Polynomial regression helps us find curved lines that fit data better than straight lines. It models relationships that are not just straight but can bend.

When data points form a curve instead of a straight line.
To predict values that change in a non-linear way, like growth rates or temperature changes.
When simple linear regression does not fit the data well.
To capture patterns like U-shapes or hills in data.
When you want a simple model that can still handle curves.
Syntax
ML Python
from sklearn.preprocessing import PolynomialFeatures
from sklearn.linear_model import LinearRegression
from sklearn.pipeline import make_pipeline

degree = 2
model = make_pipeline(PolynomialFeatures(degree), LinearRegression())
model.fit(X_train, y_train)
predictions = model.predict(X_test)

degree controls how curved the model is. Degree 1 means a straight line, degree 2 means a curve like a U or hill.

Using make_pipeline helps combine polynomial feature creation and linear regression in one step.

Examples
This creates a model that fits a quadratic curve (degree 2) to the data.
ML Python
model = make_pipeline(PolynomialFeatures(2), LinearRegression())
This fits a cubic curve (degree 3), which can bend more than degree 2.
ML Python
model = make_pipeline(PolynomialFeatures(3), LinearRegression())
Train the polynomial regression model and get predictions on new data.
ML Python
model.fit(X_train, y_train)
predictions = model.predict(X_test)
Sample Program

This example fits a polynomial regression model to data that follows y = x². It trains on the first 7 points and tests on the last 3. It prints predictions and how well the model fits.

ML Python
import numpy as np
from sklearn.preprocessing import PolynomialFeatures
from sklearn.linear_model import LinearRegression
from sklearn.pipeline import make_pipeline
from sklearn.metrics import mean_squared_error, r2_score

# Sample data: X is input, y is output with a curve
X = np.array([[1], [2], [3], [4], [5], [6], [7], [8], [9], [10]])
y = np.array([1, 4, 9, 16, 25, 36, 49, 64, 81, 100])  # y = x^2

# Split data into training and testing
X_train, X_test = X[:7], X[7:]
y_train, y_test = y[:7], y[7:]

# Create polynomial regression model with degree 2
model = make_pipeline(PolynomialFeatures(2), LinearRegression())

# Train the model
model.fit(X_train, y_train)

# Predict on test data
predictions = model.predict(X_test)

# Calculate metrics
mse = mean_squared_error(y_test, predictions)
r2 = r2_score(y_test, predictions)

# Print results
print("Predictions:", predictions)
print(f"Mean Squared Error: {mse:.2f}")
print(f"R2 Score: {r2:.2f}")
OutputSuccess
Important Notes

Choosing a very high degree can cause the model to fit noise, not just the pattern. This is called overfitting.

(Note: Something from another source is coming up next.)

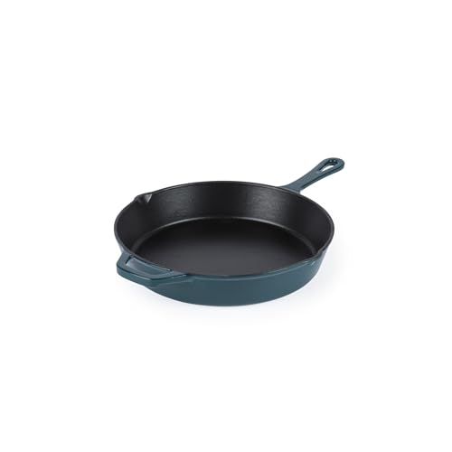 Salter Chester Cast Iron Frying Pan - 26cm Universal Skillet, Oven Suitable to 240 °C, Grill, Fry & Sear, Hob to Oven to Table Cooking Pot, Induction Suitable, PFAS Free, Green
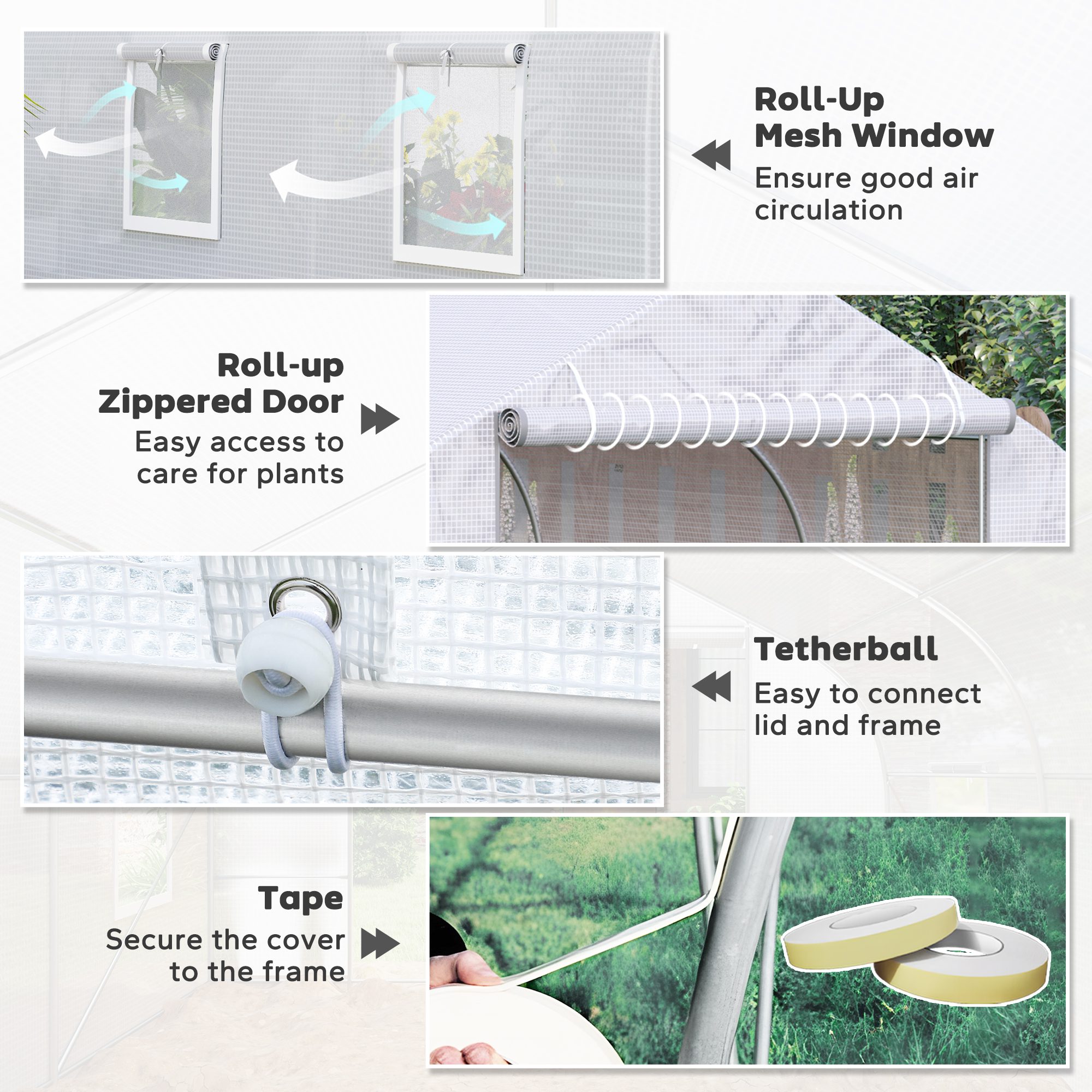 • – Includes tethers and single-sided tape to attach the cover to the steel frame

Polynomial regression is still a linear model but on transformed features (powers of inputs).

Always check model performance on test data to avoid overfitting.

Summary

Polynomial regression fits curved lines to data by adding powers of input features.

It is useful when data shows non-linear patterns like curves or hills.

Use PolynomialFeatures with LinearRegression to create the model easily.